Norton Sound Health Corporation now offers COVID-19 vaccine booster shots to those at least six months past their second dose of the Moderna or Pfizer vaccines.
The booster shots will keep vaccine protection at peak effectiveness.
“The booster shot will help your body to increase that number of antibodies in your bloodstream, which will then increase the protection that you get from having the vaccines,” NSHC’s Dr. Tim Lemaire said.
There’s nothing wrong with the vaccine; this is just a normal part of how vaccines work.
“We’ve all received tetanus shots. We all have tetanus antibodies in our blood. But unless we step on a rusty nail, that number of antibodies against tetanus slowly declines, which is why we need a booster shot every 10 years or so. … This is the same idea,” Lemaire said.

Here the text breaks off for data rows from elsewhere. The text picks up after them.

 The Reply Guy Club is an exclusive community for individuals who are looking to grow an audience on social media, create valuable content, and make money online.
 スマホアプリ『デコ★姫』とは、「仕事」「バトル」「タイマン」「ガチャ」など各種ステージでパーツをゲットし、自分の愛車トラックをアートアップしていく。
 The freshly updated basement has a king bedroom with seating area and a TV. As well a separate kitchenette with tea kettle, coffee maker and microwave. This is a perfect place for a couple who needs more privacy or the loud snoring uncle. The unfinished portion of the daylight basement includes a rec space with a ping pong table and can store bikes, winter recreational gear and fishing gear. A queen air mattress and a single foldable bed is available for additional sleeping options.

There is no information at this time about whether booster doses might become available for the Johnson & Johnson vaccine, though that might change in the coming weeks, according to the Centers for Disease Control and Prevention.

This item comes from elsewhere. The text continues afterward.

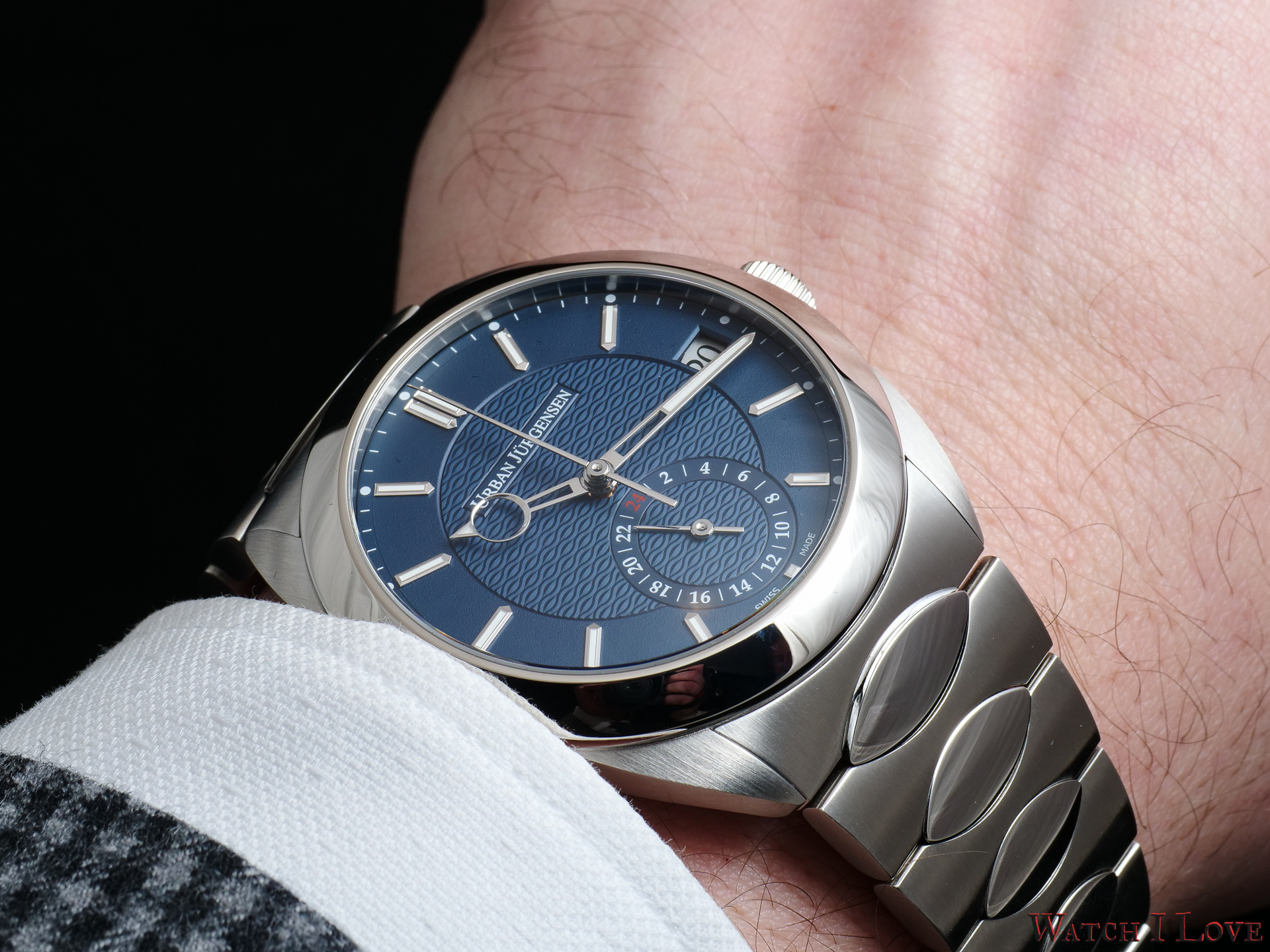 Urban Jürgensen One is the first sports watch of the brand. The three-hands watch was launched with three dial colour variations: Soft White, Charcoal Grey and Urban Blue. There is available a GMT model but only in Urban Blue scheme. A first impression can be made viewing the wrist-roll video below with the blue GMT and the three-hands white dial.
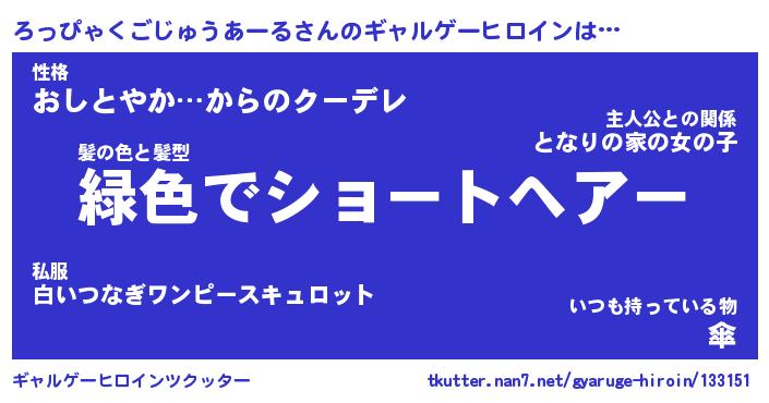 | ヒーロー風カッコイイあだ名 | 『スーパーロッピャクゴジュウアール』 |

On Sept. 7, World Health Organization Director-General Tedros Adhanom Ghebreyesus called for a moratorium on vaccine boosters until the end of the year. it would be more beneficial to help less-wealthy countries vaccinate their populations, he said.
The nature of the Norton Sound and Bering Strait region means that keeping immunity at peak levels is very important here.
“We determined that due to our remote location, the difficulty in getting folks out of our region if they are to get severely sick, as well as the increasing cases in Alaska, we felt like it would be prudent to offer it to our community,” Lemaire said.
Booster doses are available at the pharmacy in Nome, and village residents can call their local clinics to schedule appointments.
As of Sept. 10, there were 39 active COVID-19 cases in the Norton Sound and Bering Strait region: 11 in Unalakleet, four in Nome, five in Stebbins, three in St. Michael, five in Koyuk, five in Shaktoolik, three in Savoonga, one in Brevig Mission and two in Elim. Stebbins, St. Michael and Little Diomede remain in lockdown until two weeks have passed with no new cases in their respective populations.